On 12/06/14 16:06, Roman Mamedov wrote:
In one case which Brad was describing, it was a hardware design fault
in his RAID controller, resulting in it returning bad data only when
all ports are utilized at high speeds. If MD had online checksum
mismatch detection, it would alert him immediately that something's
going wrong, rather than have this bug happily chew through all his
data, with "months of read/modify/write cycles combined with corrupt
data spread the corruption all over the array".
Yeah, you are right it would have possibly spared some of my data.
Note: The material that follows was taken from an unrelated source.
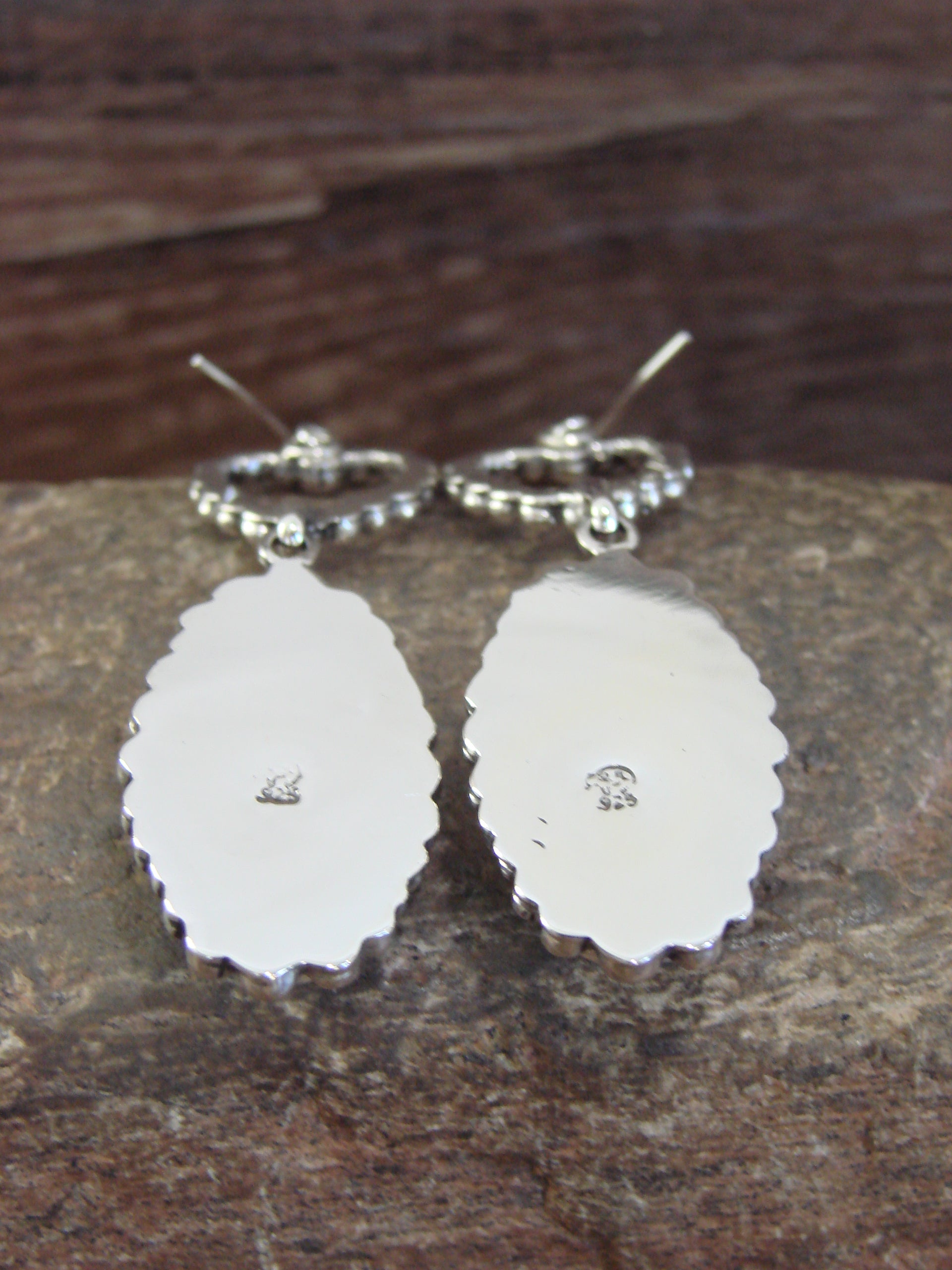 Genuine Native American Navajo Indian Sterling Silver Sonoran Turquoise Heart Dangle Earrings from Western New Mexico. These Dangle style earrings feature polished Sonoran Turquoise Stones intricately set into smooth Sterling Silver Bezel settings. Sterling Silver details surround the Stones. This is a Gorgeous pair of Genuine earrings! Handmade by Navajo Artist Emerson Delgarito. Hallmarked on the back. Free Gift box and Shipping included!
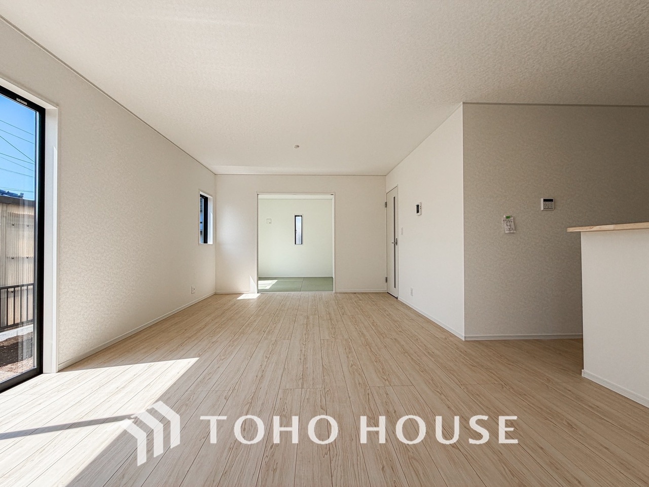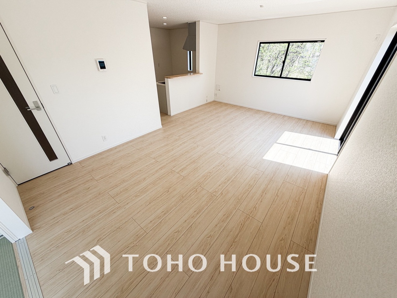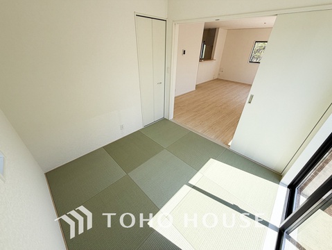 広々した開放感あるリビングの中にある癒しの和空間。家族団らんの場に和のテイストが自然にマッチ。

Having said if I'd been paying attention to the mismatch counts at the
end of my monthly scrubs I'd have noticed it a _lot_ sooner also. I had
the tools, I was just not using them right. My fault, not md's.
Having said that, if I'd not gone through that I'd probably still not
have comprehensive and complete backups, and I'd not have
developed/found tools to allow me to better monitor my systems. So while
it was a painful experience, it was not catastrophic and (as Calvin's
dad would say) it built some more character.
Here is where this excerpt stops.